2. Say it in the “Borat” voice.

Your doctor will be so busy judging your mildly offensive topical impression from 2006 that he’ll forget to chastise you for your lack of sexual precautions. “Yakshemash! I like! Very good STI tests.” The more you yuck it up, the less likely he is to expect responsible sexual behavior from you in the future.

 

 

 

3. Use Finger guns.

Short. To the point. Finger guns say it all. For better results add in “pew pew” sound effects.

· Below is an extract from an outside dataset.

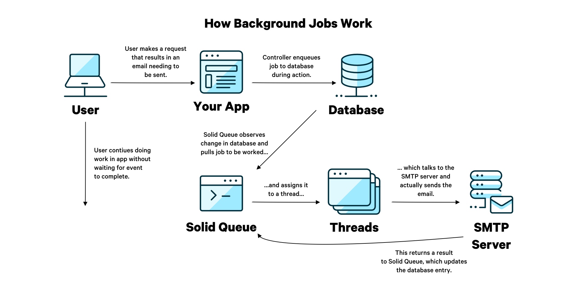 To make background jobs more robust, Rails uses solid_queue for production environments. Solid Queue stores jobs in the database and executes them in a separate process.
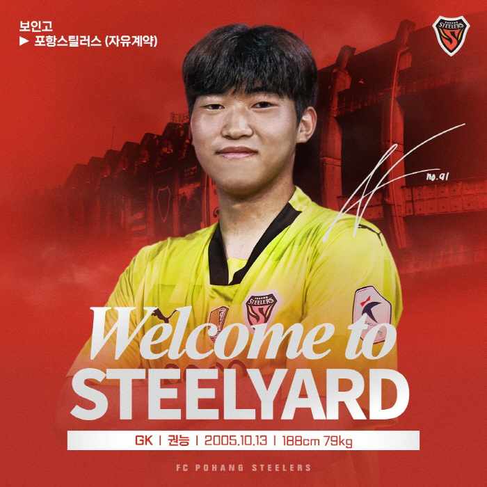 [스포츠조선 한동훈 기자] 포항 스틸러스가 신인 골키퍼 권능(19)과 계약을 마쳤다고 25일 공식 발표했다.

He’ll know immediately that his lectures will be wasted on you because you’re the type of person who has unprotected sex in an alley.

 

4. Say it in a fake cockney accent.

Nothing lightens the mood like adding “Cheerio Gov’na!” to the end of every sentence. The cockney accent allows you to ask the serious questions you may have about the bleeding, while maintaining a cheerful disposition.

 

5. Say it with a cake.

Order an expensive cake from your local bakery and tell your doctor it was left over from your office party. Your doctor will be too busy admiring the fondant work and thinking what an important and lucrative job you must have to think critically about your un-protected sex.

 

6. Don’t tell him at all!

Withholding information is a great way to seem cute and innocent. The power of silence should never be underestimated, especially when it comes to avoiding confrontation. When he asks you about the raised bumps covering half of your body, just smile and lift your arms in a coy “I have no idea” gesture, then leave the room with no explanation. He’ll get it.

 

The key to avoiding your doctor’s judgment is to act like there is nothing to be judged. Go to your next appointment with a carefree attitude and one of these tricks that says, “I barebacked, but it happens to the best of us.”